Now, we clone the tags before we store them in the index. This is an
imperfect fix because the Point still holds references to the original
tags, and the Point's field iterator also refers to the payload buffer.
However, the current write code path does not retain references to the
Point or its fields; and this change will likely be obsoleted when TSI
is introduced.

This change likely fixes #7827, #7810, #7778, and perhaps others.

Rebased/mergable
Tests pass
CHANGELOG.md updated

This leak seems to have been introduced in 8aa224b, present in 1.1.0 and 1.1.1. When points were parsed from HTTP payloads, their tags and fields referred to subslices of the request body; if any tag set introduced a new series, then those tags then were stored in the in-memory series index objects, preventing the HTTP body from being garbage collected. If there were no new series in the payload, then the request body would be garbage collected as usual. Now, we clone the tags before we store them in the index. This is an imperfect fix because the Point still holds references to the original tags, and the Point's field iterator also refers to the payload buffer. However, the current write code path does not retain references to the Point or its fields; and this change will likely be obsoleted when TSI is introduced. This change likely fixes #7827, #7810, #7778, and perhaps others.

mark-rushakoff · 2017-01-13T00:35:22Z

If anyone is running into this issue now and needs a workaround until this is merged or released, the best option is to keep the HTTP payload as small as possible for writes that introduce a new series. Writes that only affect existing series should not contribute to the leak. Once new series have been written, I believe the only way to release the memory of the associated HTTP payloads is to restart the server.

jwilder

Tested locally and verified this released the allocations now.

joelegasse · 2017-01-13T01:07:16Z

If we're concerned about total allocations, this will create a lot of smaller allocations.
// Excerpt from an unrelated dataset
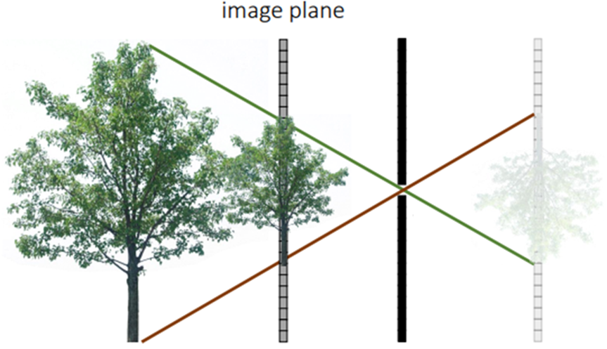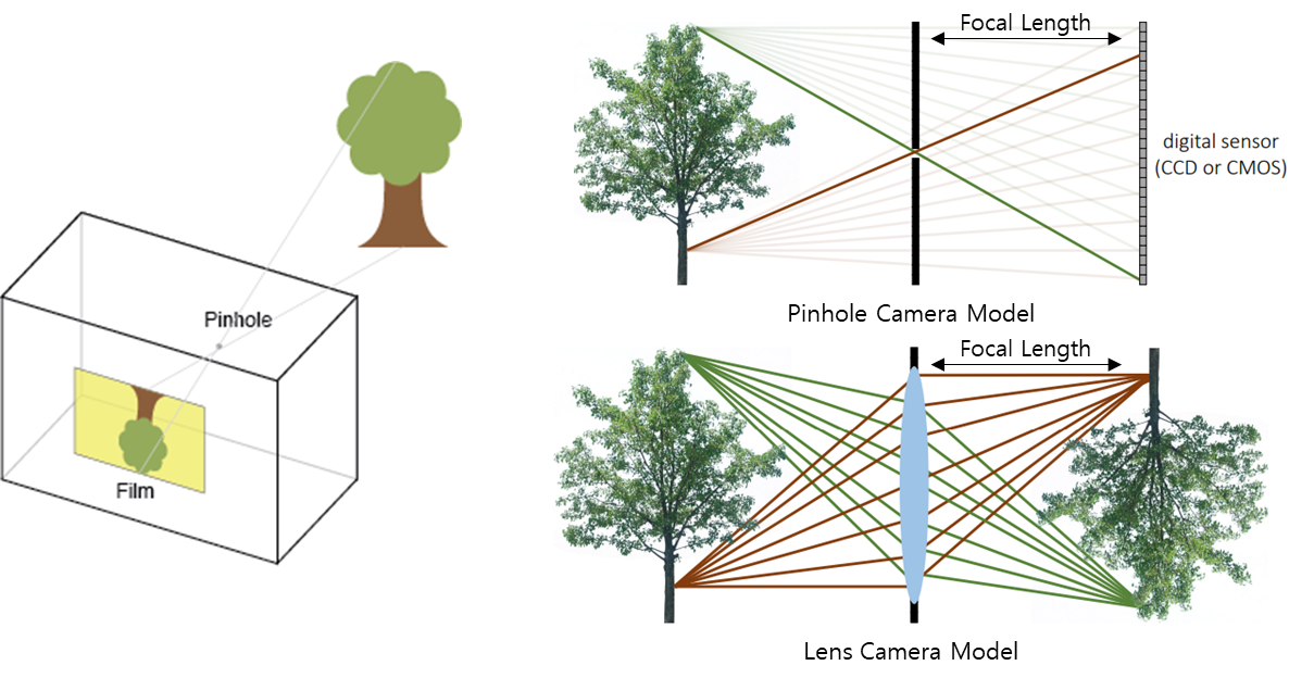 Pinhole Camera model은 가장 초기 카메라에서 사용된 모델이며 영상처리 분야에서 기본적으로 사용되는 모델입니다. Pinhole을 통해, 외부의 빛을 받아들이고, 카메라 내 digital 센서로 빛을 인식합니다. 이 때 상은 상하반전, 좌우 반전되어 맺히게 됩니다. Pinhole같은 경우에는 빛을 많이 받아들이지 못하게 때문에 사용하지 않고, 최근에는 빛을 더 많이 받아들 일 수 있는 Lens Camera Model을 사용합니다. Pinhole과 sensor사이의 거리, lens와 sensor사이의 거리를 focal length라고 하는데, 위 그림에서는 focal length가 아주 큰 영역으로 표현되어 있습니다. 하지만 실제적으로 아주 작은 영역입니다. 찾아보니 아이폰12의 경우 13mm네요. 왼쪽 영역에 대해서는 카메라로 나무 촬영할 때 얼마나 떨어져서 촬영하는지를 생각해보면 될 듯합니다. 4M정도 되려나요?

We could instead just perform one large allocations for cloning Tags, rather than cloning each tag Key/Value separately. It would be a two-pass Clone(), and there wouldn't be any Clone() defined for a single Tag, but I think given the usage and goal, that would be OK

mark-rushakoff · 2017-01-13T02:17:12Z

@joelegasse I see what you mean. We have a couple options for a more efficient Tags.Clone:

One backing slice containing all deduplicated keys and values
- Advantage: one allocation
- Disadvantage: that one allocation stays in memory until all referring series are deleted
One backing slice for deduplicated keys, one backing slice for deduplicated values
- Unlikely to be any better than the previous option
One backing slice for deduplicated keys, one backing slice per deduplicated value:
- Advantage: any individual value slice can be freed if all series containing that value are dropped
- Disadvantage: potentially many small allocations (but potentially not that many, and likely still less than the implementation in cdbdd15)
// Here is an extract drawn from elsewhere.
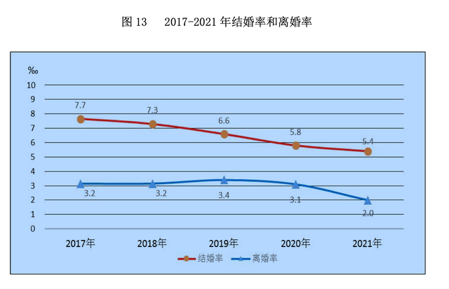 ↑ 2017年至2021年结婚率和离婚率 图据民政部

Ultimately it probably would be best if tsdb.NewSeries was instead a method on tsdb.DatabaseIndex so that backing slices for tags' keys and values could all be shared. I'll look into this approach tomorrow, and if it seems too complex to get into 1.2, we can fall back to probably the third option above.

e-dard

Just a couple of thoughts really but the tags.Clone() call does need to be moved I think.
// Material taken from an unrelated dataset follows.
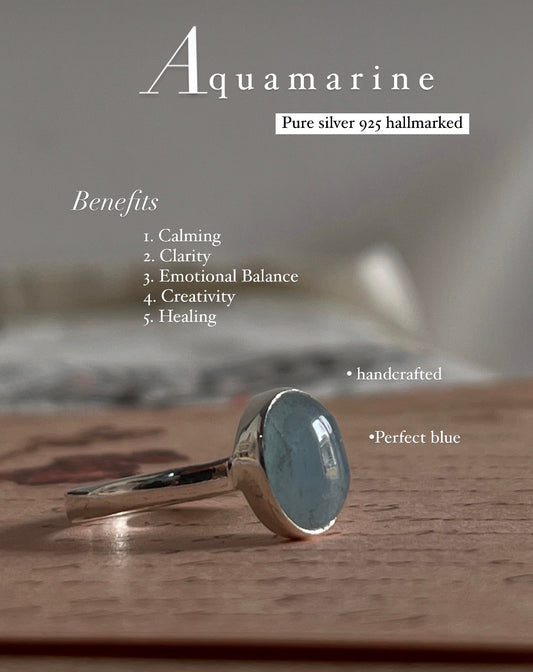 925 Sterling Silver Natural Aquamarine Natural Oval Ring

e-dard · 2017-01-13T11:40:13Z

tsdb/shard.go

+			// If the tags were created by models.ParsePointsWithPrecision,
+			// they refer to subslices of the buffer containing line protocol.
+			// To ensure we don't refer to that buffer, preventing that buffer from being garbage collected, clone the tags.
+			tags = tags.Clone()


This is going to cause unnecessary allocations a lot of the time because CreateSeriesIndexIfNotExists only holds onto the subsliced tags if a new series needs to be created.

I think it would be better to push tags through to NewSeries as-is, and then clone the tags inside CreateSeriesIndexIfNotExists only when AddSeries is called. Maybe you could just do something like:

series.Tags = series.Tags.Clone() m.AddSeries(series)

e-dard · 2017-01-13T11:59:34Z

models/points.go

+//
+// Tags associated with a Point created by ParsePointsWithPrecision will hold references to the byte slice that was parsed.
+// Use Clone to create Tags with new byte slices that do not refer to the argument to ParsePointsWithPrecision.
+func (a Tags) Clone() Tags {


Just a suggestion: a is not at risk of holding onto anything, if we remove all the references it contains. Therefore I don't think we need to allocate a new Tags value here. We can just do a[i] = a[i].Clone() and it will probably make this method significantly faster.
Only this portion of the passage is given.